00:03:10 The constraint is still hardware. You can automate the loop, but you still need the GPUs to turn the pages. What it does well is stop the compounding loss. Small labs usually bleed on the gap between running an experiment and knowing how to adjust the next one.
00:03:28 AutoScientist bridges that gap with automation. The community reaction has been measured. Some wonder whether the system holds a frontier model for base evaluation, which is fair. You need a strong baseline to measure adaptation against. But the core claim is narrow and defensible: automate the research loop so training doesn't collapse under its own administrative weight.
00:03:53 That's a concrete win, even if the headline reads bigger.
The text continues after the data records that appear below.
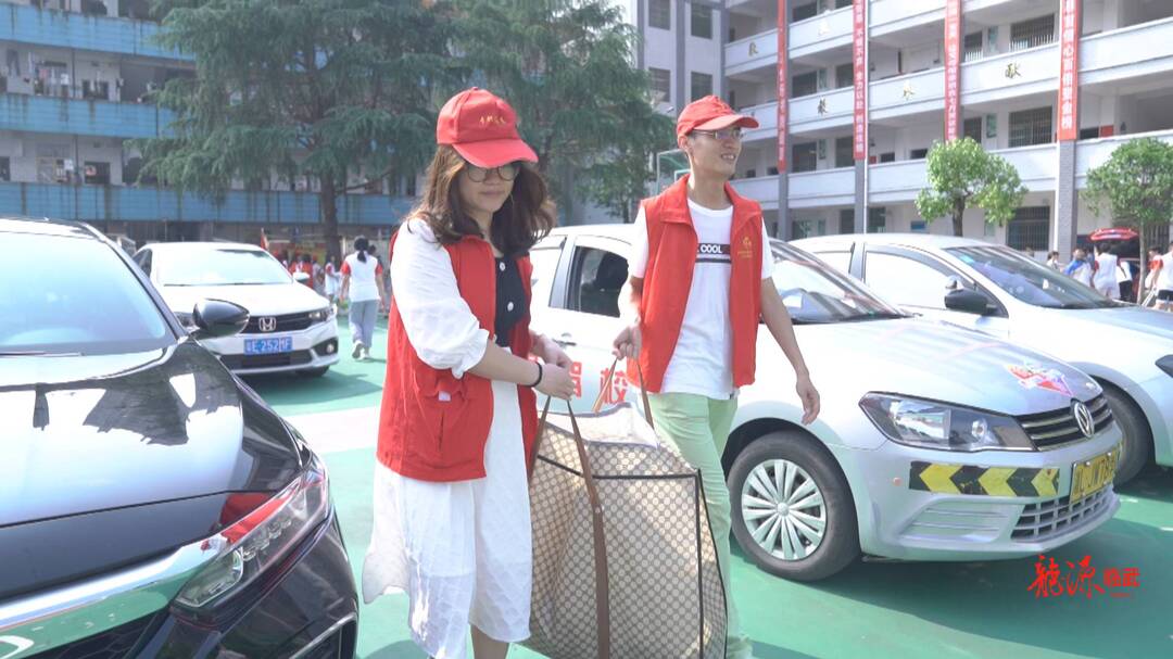 早上8点,在临武二中,30余辆“爱心送考”车整齐划一地停放在田径场上,志愿者们正在为考生搬运行李,贴心的举动让考生们回家的路多了一份温暖。
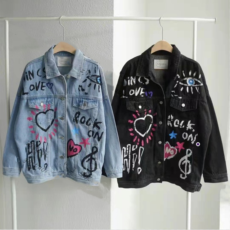 现 时尚爱心字母涂鸦宽松牛仔夹克外套
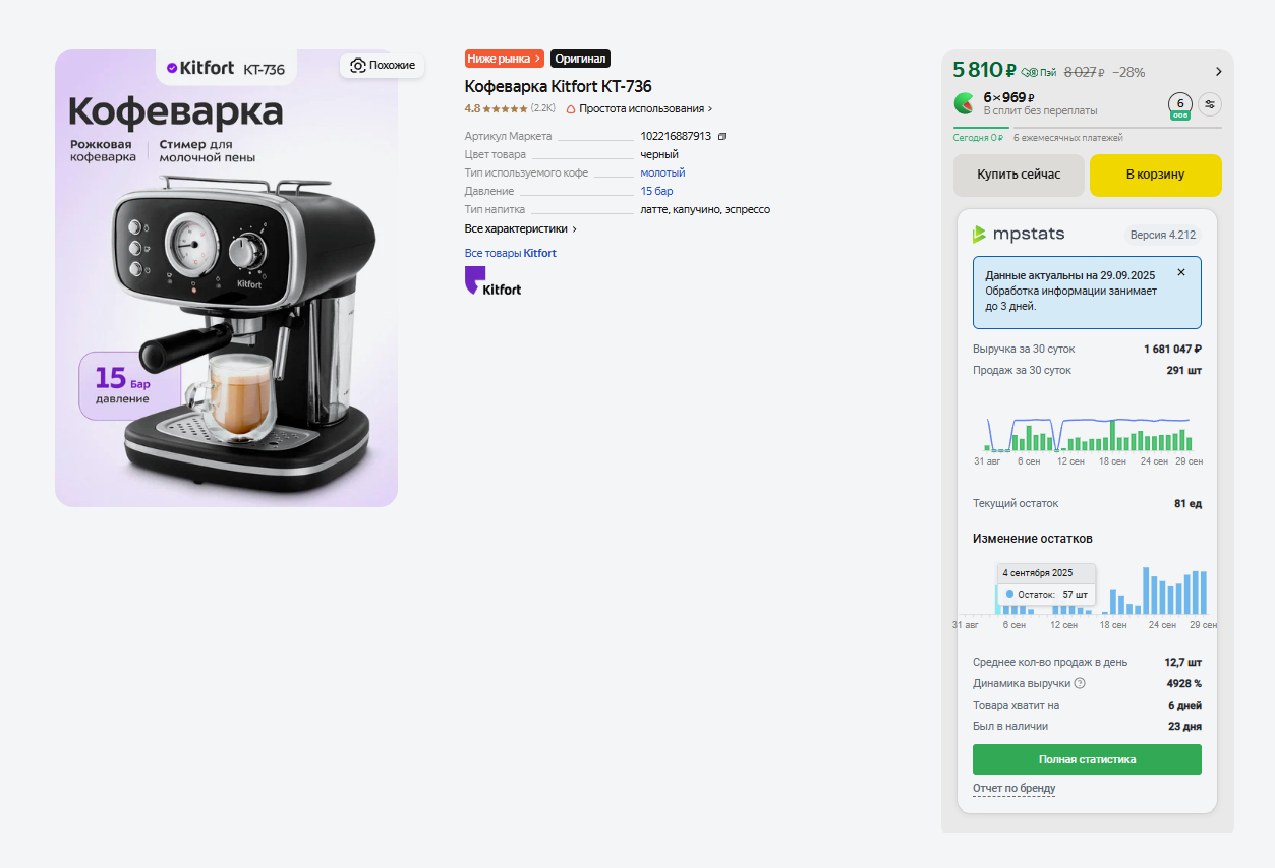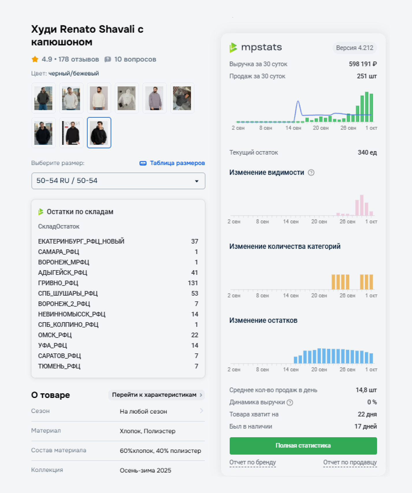На странице карточки вас ждет множество полезной информации. В блоке справа есть такие данные за последние 30 дней:

The shift from static data to continuous experience
00:03:57 NVIDIA and Ineffable Intelligence published a joint blog post today about building reinforcement learning infrastructure from the ground up. David Silver's lab is coming out of stealth with a clear thesis: the harder problem in AI isn't building systems that know what humans already know.
00:04:16 It's building systems that discover new knowledge for themselves. That requires a different pipeline. Pretraining runs on fixed datasets of human data. Reinforcement learning generates data on the fly. The system has to act, observe, score, and update in tight loops.
00:04:33 That puts direct pressure on interconnect, memory bandwidth, and serving throughput in ways pretraining never did. NVIDIA and Ineffable are starting on Grace Blackwell and planning for Vera Rubin, but the infrastructure story is what matters here. They're building the infrastructure to feed RL systems at scale before the models get large enough to run on consumer hardware.
00:04:58 The goal is continuous experience-based learning rather than static human data. You're seeing the industry pivot toward hardware and software designed for active simulation, not passive ingestion. The immediate impact is on who can run RL workloads and how efficiently they can run them.
00:05:17 Grace Blackwell gives you the memory bandwidth to keep agents in the loop without choking on data movement. Vera Rubin will extend that across larger clusters. It's early infrastructure, which means the benchmarks are still theoretical and the algorithms are still catching up.
00:05:35 But the direction is clear. Training is moving from copying human examples toward simulating experience. The machines have to change to match that shift. That's the lineup for today: sparse models, automated loops, and the hardware pivot to continuous learning.